Exercise goal. A verbatim transcript of the data that follows, free of images, is the expected result.

Supplied information.
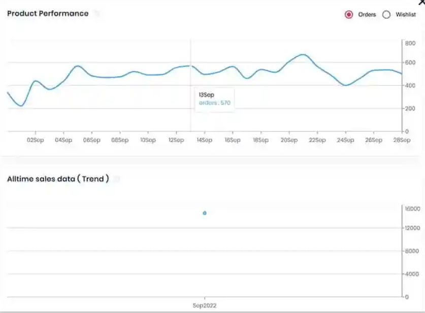 产品趋势功能允许您查看过去 2-6 个月的销售历史并“添加到愿望清单”。
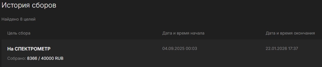 ! Вчера закончился сбор средств на спектрометр для новых радиоактивных исследований. Я очень впечатлён и благодарен Вам за помощь и участие. Ваш вклад в приобретение спектрометра составил 15000 рублей. В скриншоте указана сумма полученная через сервис Donation Alerts, а часть суммы была перечислена напрямую на карту. Огромное спасибо: Марине Фадеевой Галине Сухоручкиной Антону (camnerezus) Денису Фахретдинову (Ютюб канал "Den Stalk") Станиславу (Было Дело) Владимиру (Шестой Химкинский Лесничий)
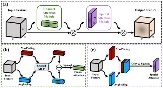 Architecture of CBAM block. (a) CBAM block; (b) channel attention module; (c) spatial attention module.
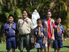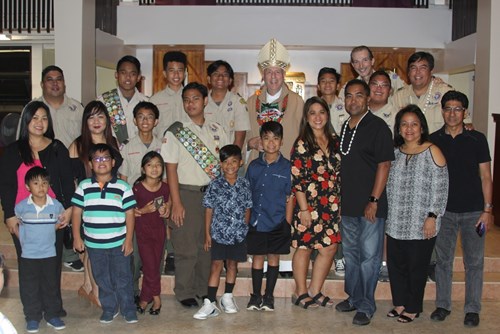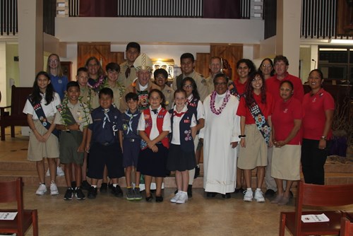 Award recipients at our 2019 Scout Mass celebration at Our Lady of Good Counsel Parish in Pearl City.
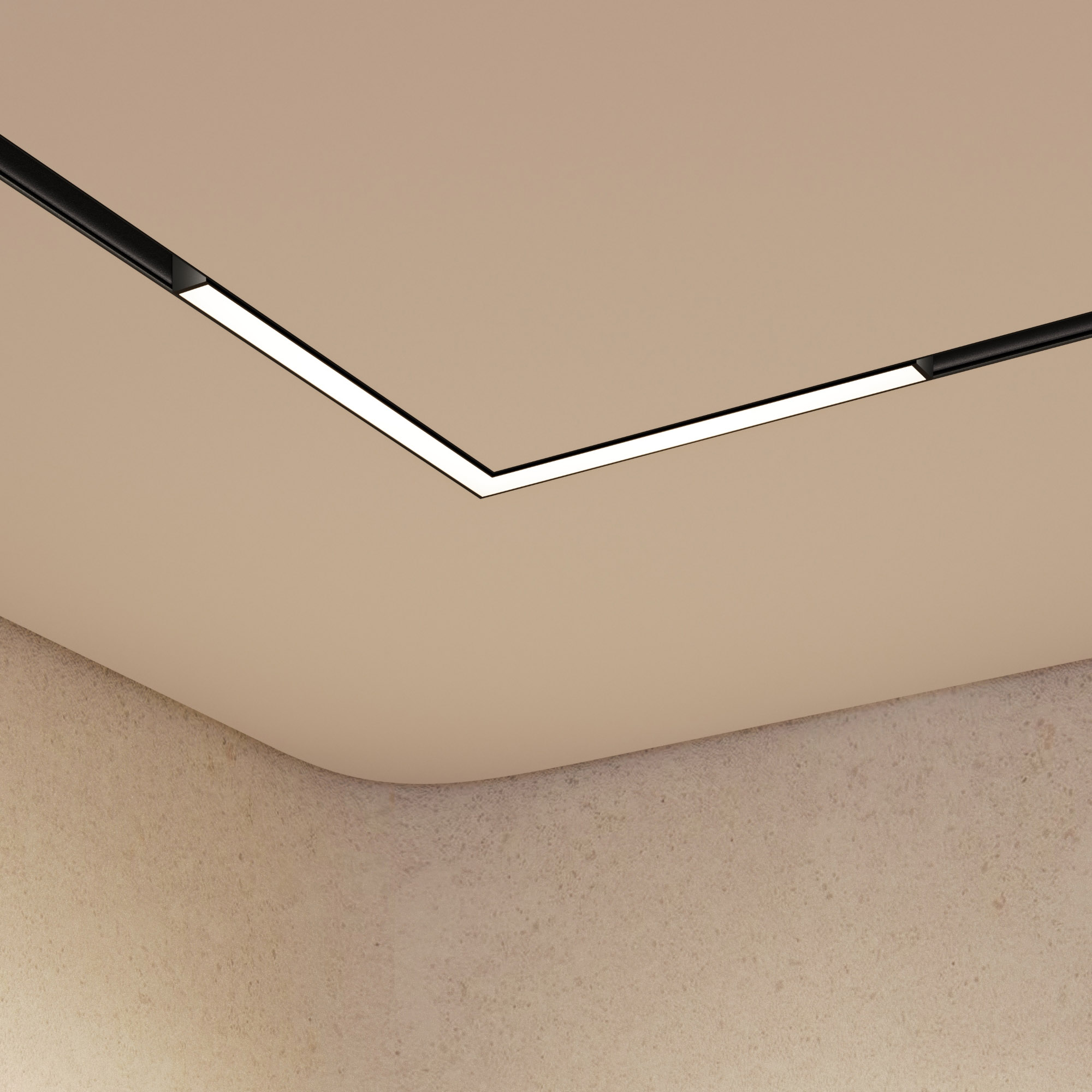 Угловой светильник для магнитных треков MAG-ORIENT шириной 26 мм. Мощность 18 Вт, св. поток 1570 лм, 87 лм/Вт, дневной 4000 K, CRI>92, угол 100°, напряжение питания 48 В. Черный корпус из металла, экран поликарбонат, степень защиты IP20. Размер: длина 295 мм, ширина 295 мм, высота 42 мм. Монтаж на трек MAG-ORIENT. Передает питание между треками. Максимальный ток через светильник 8А. Пульсация <1%.
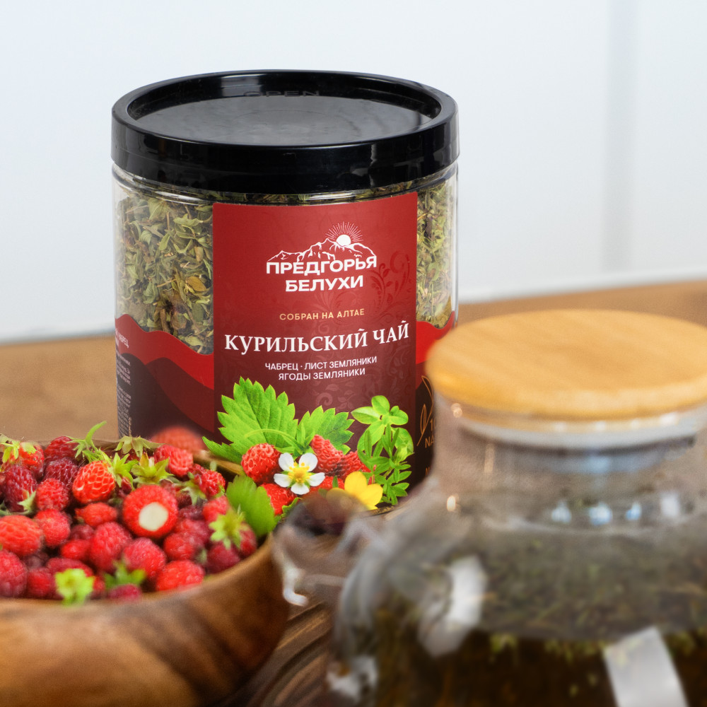 Предгорья Белухи Чай курильский с чабрецом, листом земляники, ягодами земляники
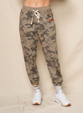 These camo joggers feature a relaxed fit with an elastic drawstring waistband and cuffed ankles. A small rainbow stripe graphic at the hip adds a colorful accent to the classic camouflage print.
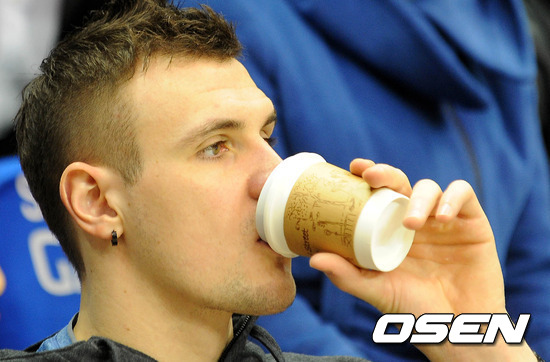 21일 오후 서울 잠실 실내체육관에서 열린 '2011-2012 KB국민카드 프로농구' 서울 삼성과 부산 KT의 경기, 경기 전 삼성화재 가빈이 커피를 마시며 경기 시작을 기다리고 있다.
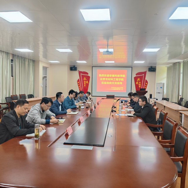 4月16日安徽科技學(xué)院化學(xué)與材料工程學(xué)院副院長葉龍強(qiáng)無機(jī)非金屬材料工程系主任周永生、新能源材料與器件系主任宋忠明、材料科學(xué)與工程系智能材料與結(jié)構(gòu)系主任陳俊明等一行來我院開展調(diào)研交流學(xué)院在生化樓北三樓大會(huì)議室召開座談會(huì),院長胡坤宏主持,副院長魯紅典和相關(guān)學(xué)科負(fù)責(zé)人參加。
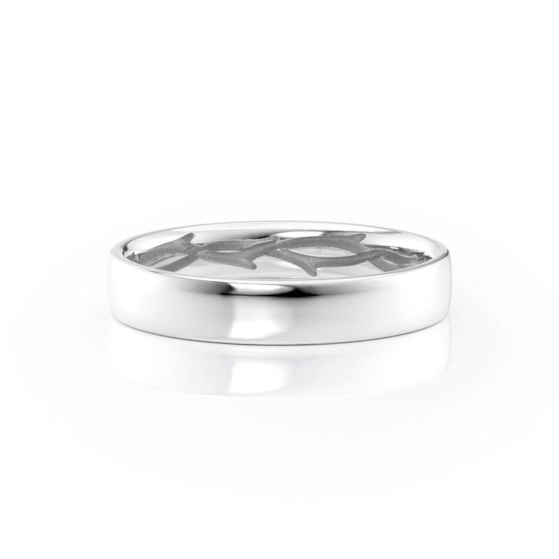 A softly curved ring that perfectly complements an existing engagement ring, symbolizing growing love and mutual adaptation.
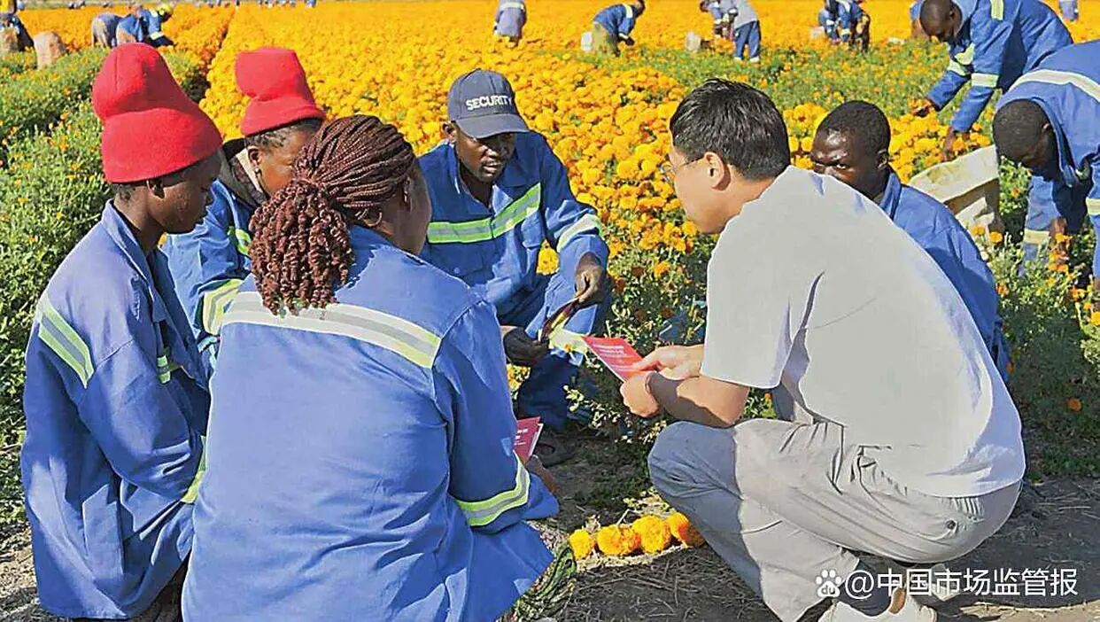 In the China-Zambia Agriculture Standardization Cooperation Demonstration Zone, Chinese experts train local staff on marigold bud maturity and harvesting standards. (Photo from China Market Regulation News)
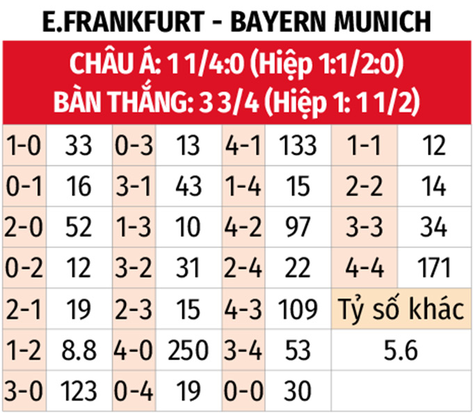- Ít nhất 2 bàn hiệp 1: 9/10 trận đã đấu của Eintracht Frankfurt đều có tối thiểu 2 bàn thắng trong hiệp 1. Bên phần sân đối diện, 5/6 trận vừa qua của Bayern Munich cùng 3/4 trận đối đầu gần nhất cũng xuất hiện tối thiểu 2 bàn trước giờ nghỉ.

Solved exercise.
 产品趋势功能允许您查看过去 2-6 个月的销售历史并“添加到愿望清单”。
 ! Вчера закончился сбор средств на спектрометр для новых радиоактивных исследований. Я очень впечатлён и благодарен Вам за помощь и участие. Ваш вклад в приобретение спектрометра составил 15000 рублей. В скриншоте указана сумма полученная через сервис Donation Alerts, а часть суммы была перечислена напрямую на карту. Огромное спасибо: Марине Фадеевой Галине Сухоручкиной Антону (camnerezus) Денису Фахретдинову (Ютюб канал "Den Stalk") Станиславу (Было Дело) Владимиру (Шестой Химкинский Лесничий)
 Architecture of CBAM block. (a) CBAM block; (b) channel attention module; (c) spatial attention module.
 Award recipients at our 2019 Scout Mass celebration at Our Lady of Good Counsel Parish in Pearl City.
 Угловой светильник для магнитных треков MAG-ORIENT шириной 26 мм. Мощность 18 Вт, св. поток 1570 лм, 87 лм/Вт, дневной 4000 K, CRI>92, угол 100°, напряжение питания 48 В. Черный корпус из металла, экран поликарбонат, степень защиты IP20. Размер: длина 295 мм, ширина 295 мм, высота 42 мм. Монтаж на трек MAG-ORIENT. Передает питание между треками. Максимальный ток через светильник 8А. Пульсация <1%.
 Предгорья Белухи Чай курильский с чабрецом, листом земляники, ягодами земляники
 These camo joggers feature a relaxed fit with an elastic drawstring waistband and cuffed ankles. A small rainbow stripe graphic at the hip adds a colorful accent to the classic camouflage print.
 21일 오후 서울 잠실 실내체육관에서 열린 '2011-2012 KB국민카드 프로농구' 서울 삼성과 부산 KT의 경기, 경기 전 삼성화재 가빈이 커피를 마시며 경기 시작을 기다리고 있다.
 4月16日安徽科技學(xué)院化學(xué)與材料工程學(xué)院副院長葉龍強(qiáng)無機(jī)非金屬材料工程系主任周永生、新能源材料與器件系主任宋忠明、材料科學(xué)與工程系智能材料與結(jié)構(gòu)系主任陳俊明等一行來我院開展調(diào)研交流學(xué)院在生化樓北三樓大會(huì)議室召開座談會(huì),院長胡坤宏主持,副院長魯紅典和相關(guān)學(xué)科負(fù)責(zé)人參加。
 A softly curved ring that perfectly complements an existing engagement ring, symbolizing growing love and mutual adaptation.
 In the China-Zambia Agriculture Standardization Cooperation Demonstration Zone, Chinese experts train local staff on marigold bud maturity and harvesting standards. (Photo from China Market Regulation News)
- Ít nhất 2 bàn hiệp 1: 9/10 trận đã đấu của Eintracht Frankfurt đều có tối thiểu 2 bàn thắng trong hiệp 1. Bên phần sân đối diện, 5/6 trận vừa qua của Bayern Munich cùng 3/4 trận đối đầu gần nhất cũng xuất hiện tối thiểu 2 bàn trước giờ nghỉ.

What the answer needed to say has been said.